What this task involves = Return all of the data that follows precisely, leaving every image out.

Raw data =
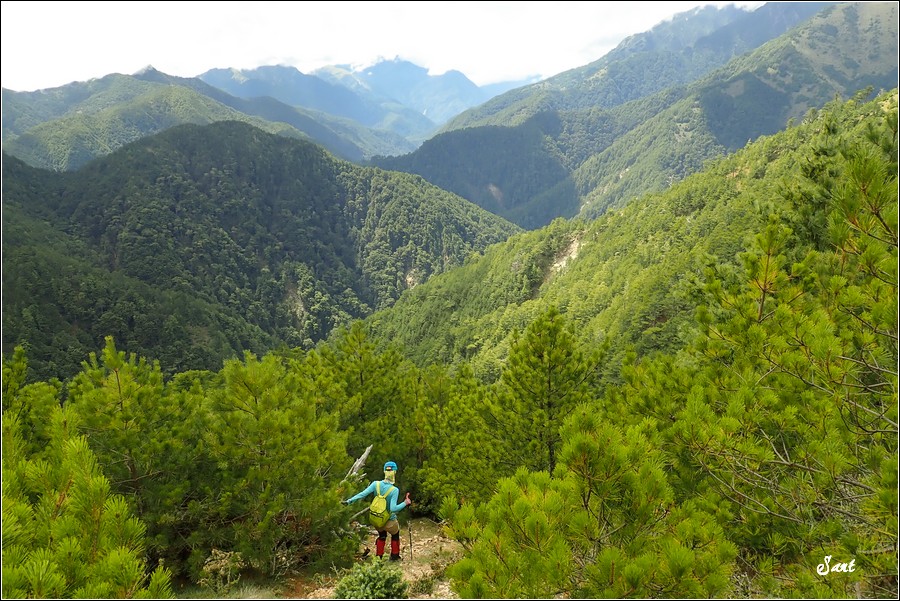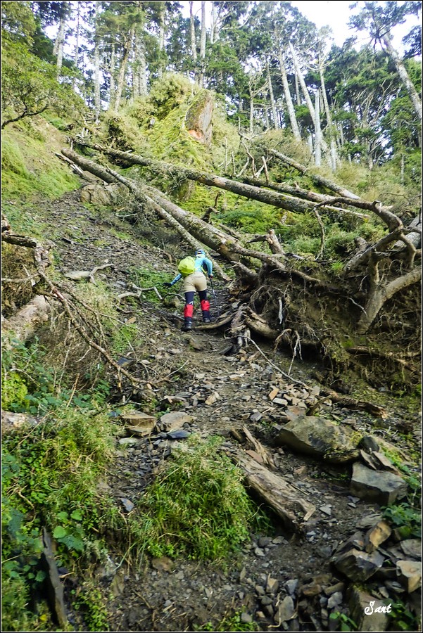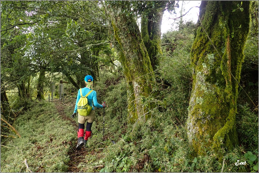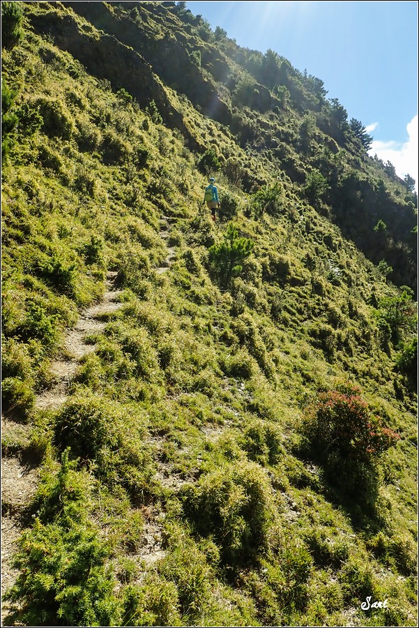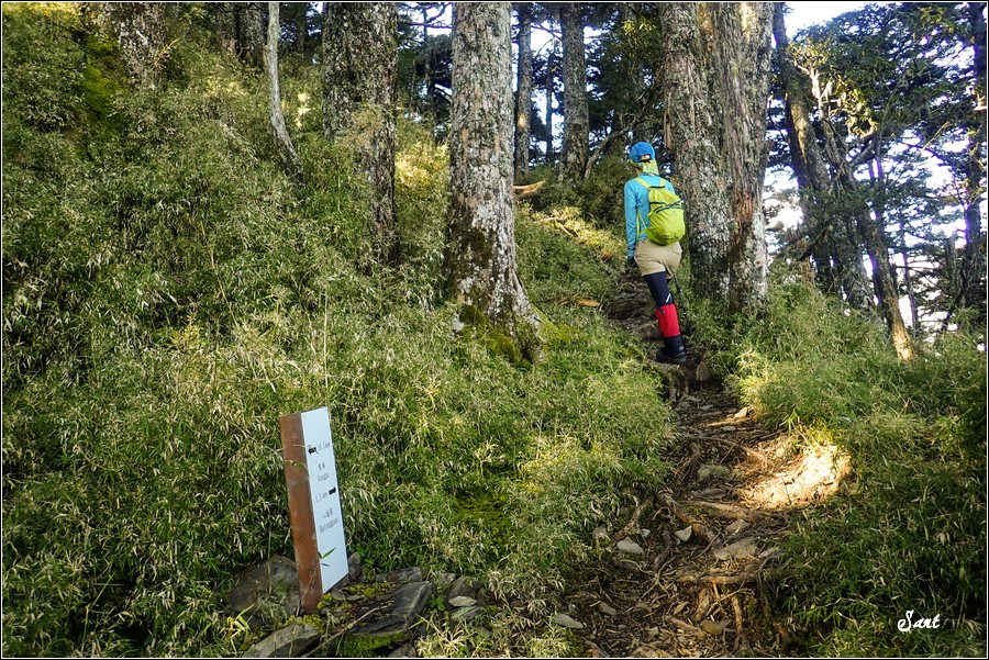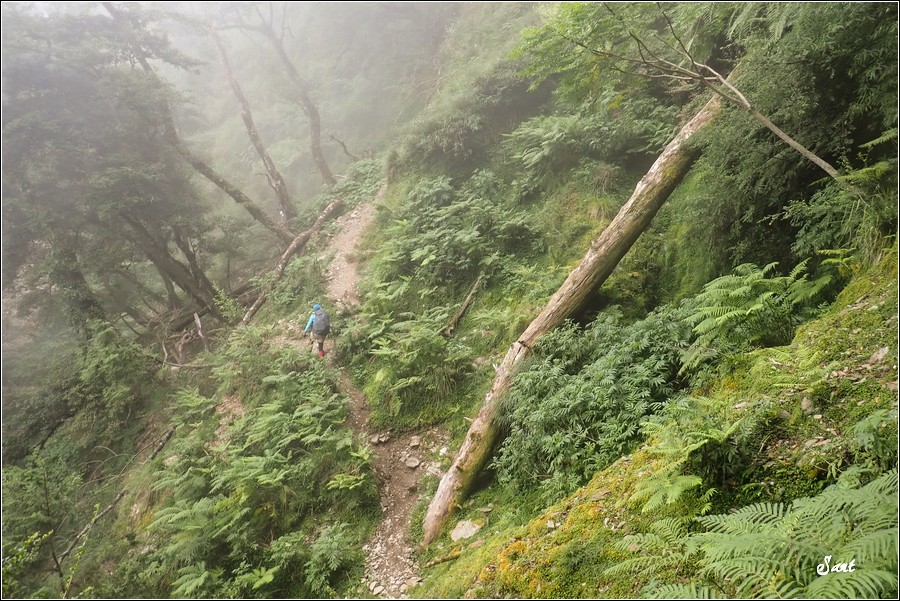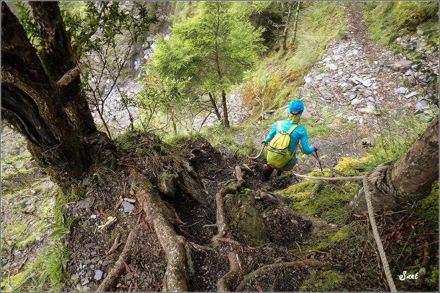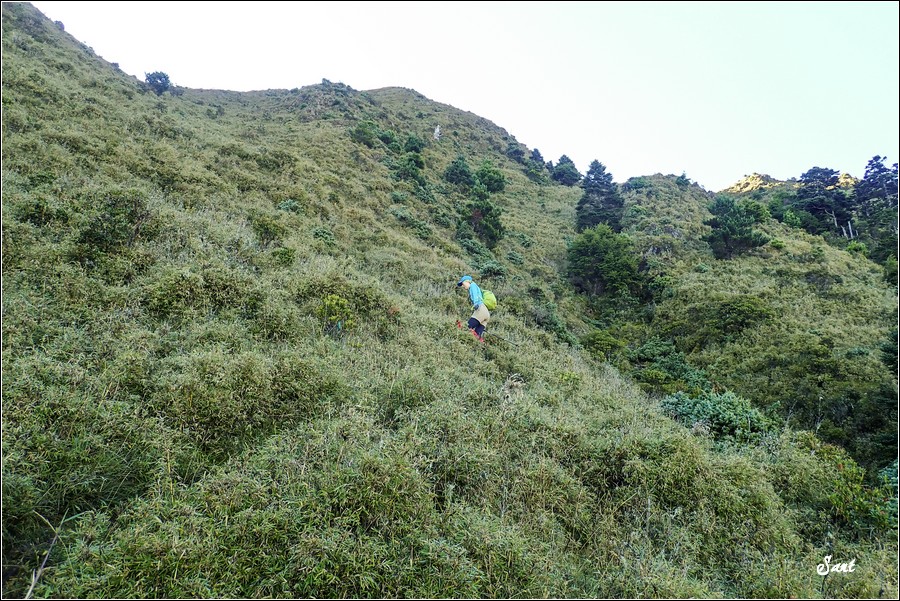 從叉路口往南陡下,路徑滿陡的,有點類似桃山,老狼很努力的靠雙杖幫助煞車。
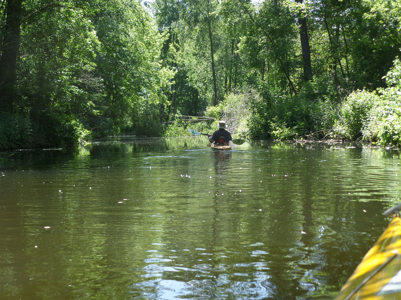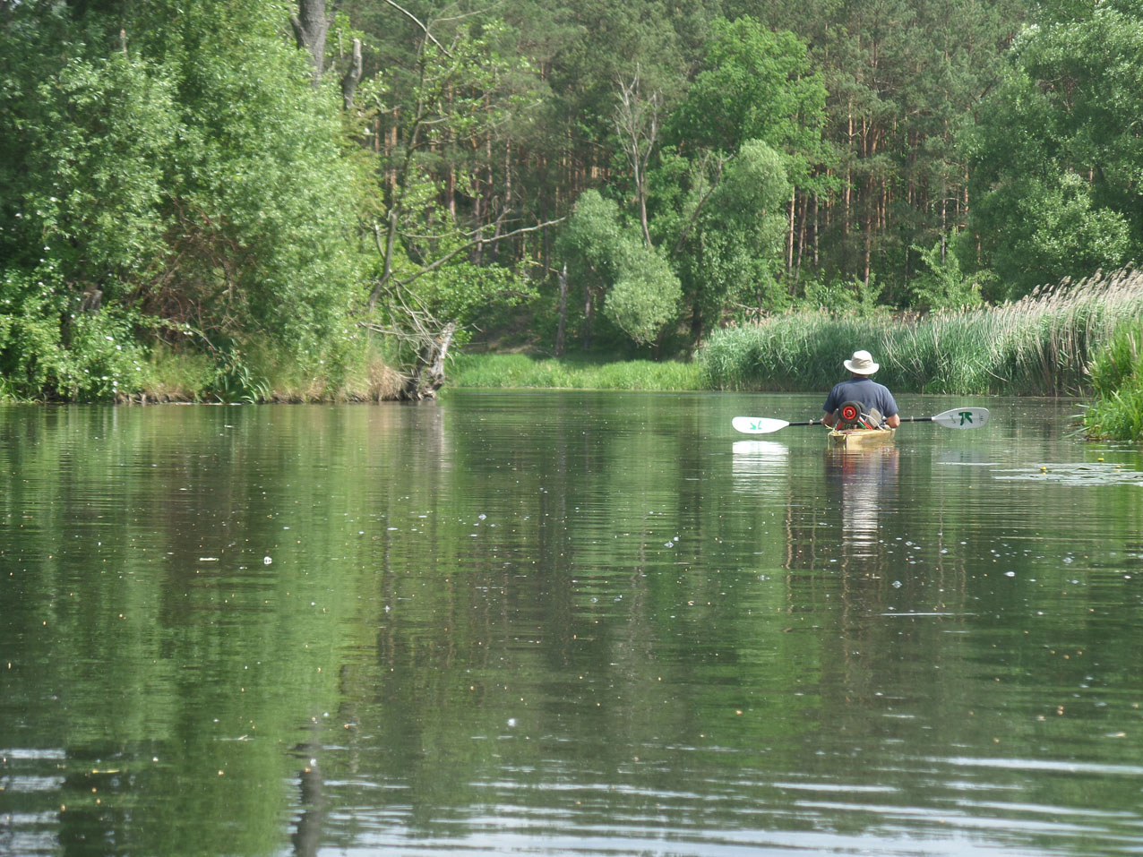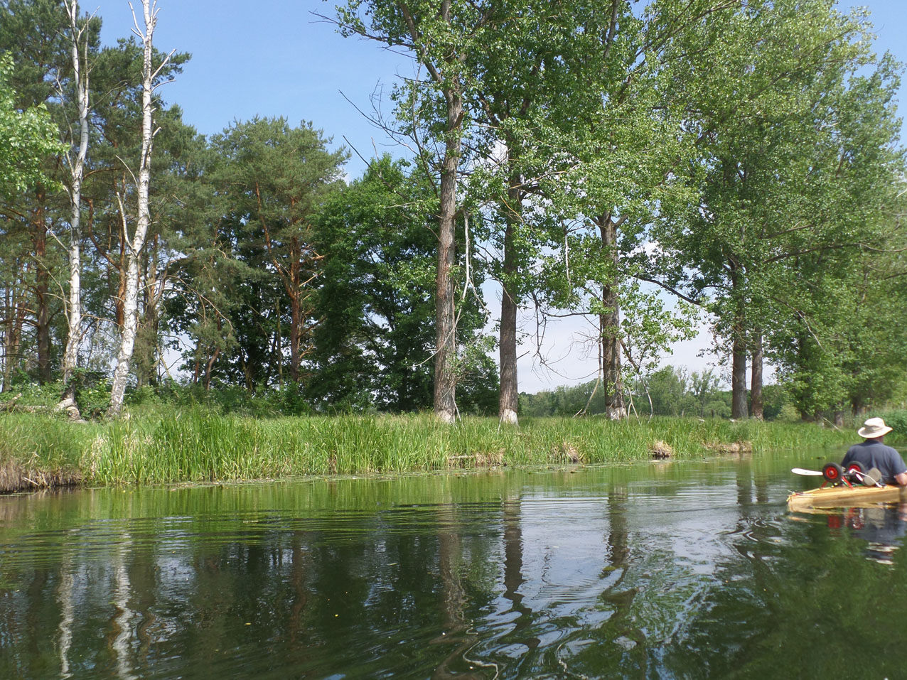 We wilden eerst nog een stuk verder naar het Spreewald varen. We hadden alleen geen zin om tegen de stroom in te peddelen en zijn toen maar rechtstreeks naar het sluisje in de Puhlstrom gegaan.
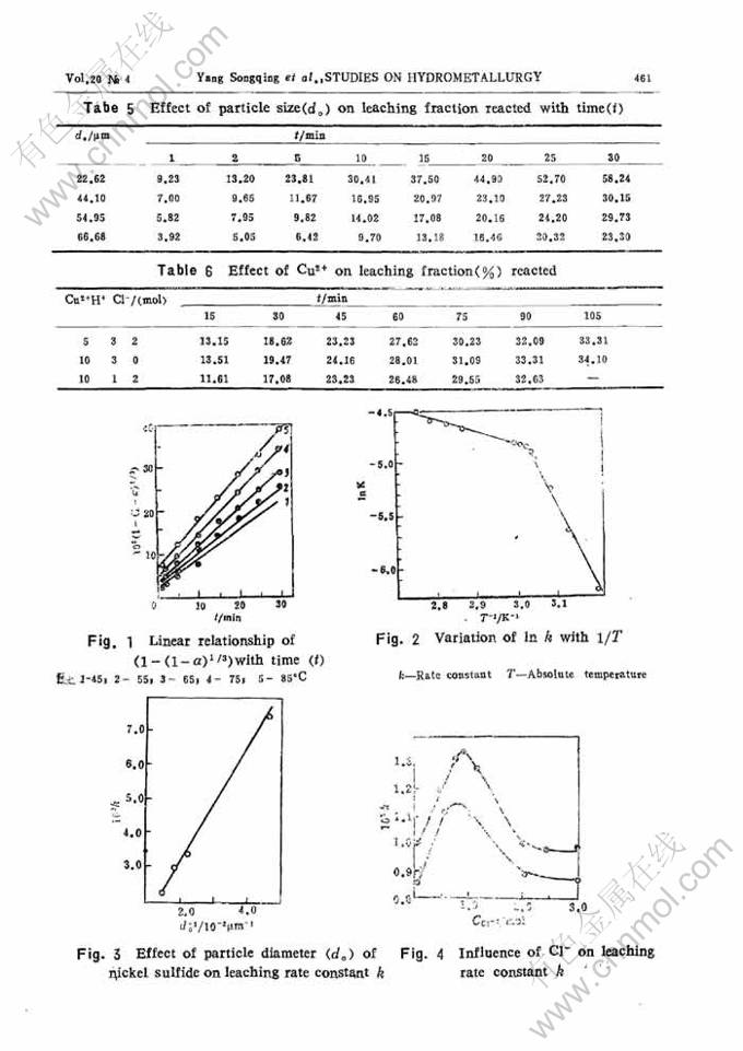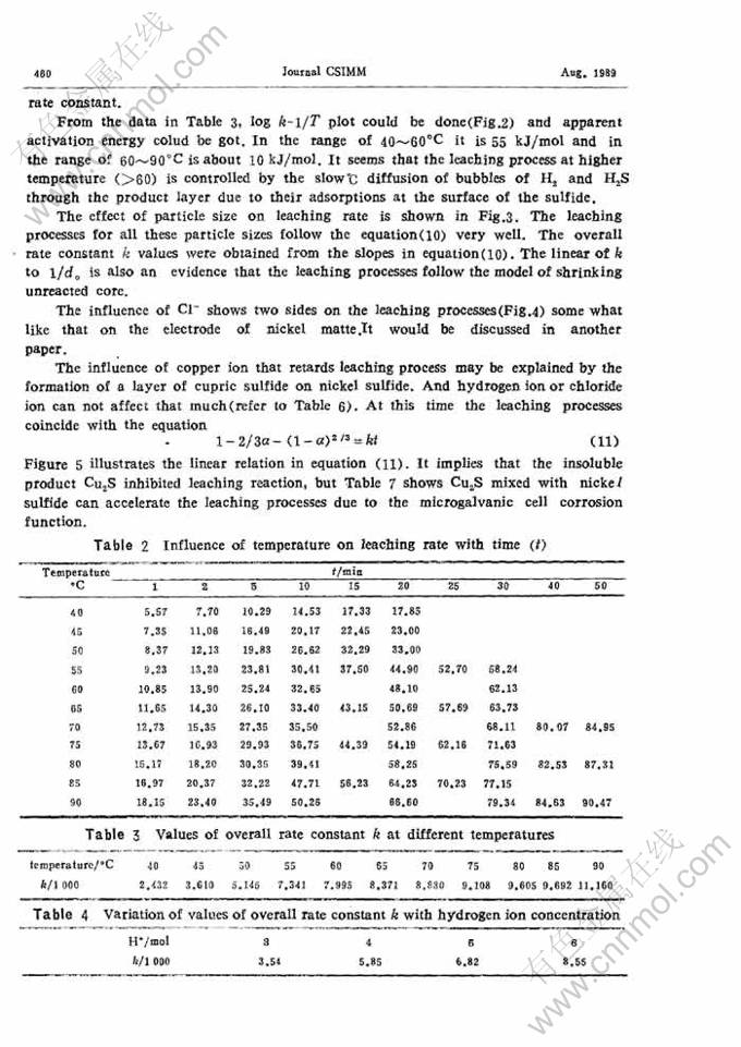 Abstract: An approach to a new hydrometallurgy process for nickel sulfides has been tried. The feature ofthe new process is one stage acid leaching of high grade nickel matte. The leaching solution could bepurified by deposition ways or by solvent extraction ways. There are two leaching rate determiningsteps, i.e. chemistry reaction determing one at temperature below 60℃ and diffusion determining oneat temperature higher than 60℃. The acid leaching fraction reacted, a, varies with leaching time taccording to the equation 1-(1-a)1/3=kt. The experimental data also show that the leaching reactionrate varies with concentration of H+, C1-, and it is also affected by copper sulfide and Cu2+. TheCu2+ ion can retard the leaching reaction due to the formation of a copper sulfide layer on the mattesurface and the equation 1-2/3a-(1-a)2/3=kt can be used for the case. However the copper sulfideadded into nickel matte can facilitate the leaching process.
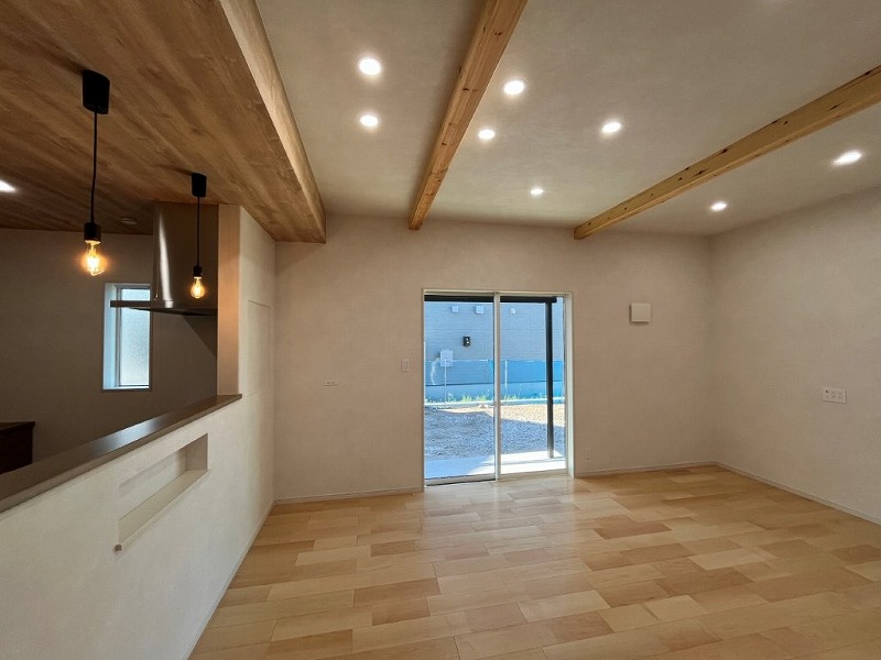 建物南側の明るいLDK。梁あらわしのナチュラルな印象の空間です。

Exercise output =
 從叉路口往南陡下,路徑滿陡的,有點類似桃山,老狼很努力的靠雙杖幫助煞車。
 We wilden eerst nog een stuk verder naar het Spreewald varen. We hadden alleen geen zin om tegen de stroom in te peddelen en zijn toen maar rechtstreeks naar het sluisje in de Puhlstrom gegaan.
 Abstract: An approach to a new hydrometallurgy process for nickel sulfides has been tried. The feature ofthe new process is one stage acid leaching of high grade nickel matte. The leaching solution could bepurified by deposition ways or by solvent extraction ways. There are two leaching rate determiningsteps, i.e. chemistry reaction determing one at temperature below 60℃ and diffusion determining oneat temperature higher than 60℃. The acid leaching fraction reacted, a, varies with leaching time taccording to the equation 1-(1-a)1/3=kt. The experimental data also show that the leaching reactionrate varies with concentration of H+, C1-, and it is also affected by copper sulfide and Cu2+. TheCu2+ ion can retard the leaching reaction due to the formation of a copper sulfide layer on the mattesurface and the equation 1-2/3a-(1-a)2/3=kt can be used for the case. However the copper sulfideadded into nickel matte can facilitate the leaching process.
 建物南側の明るいLDK。梁あらわしのナチュラルな印象の空間です。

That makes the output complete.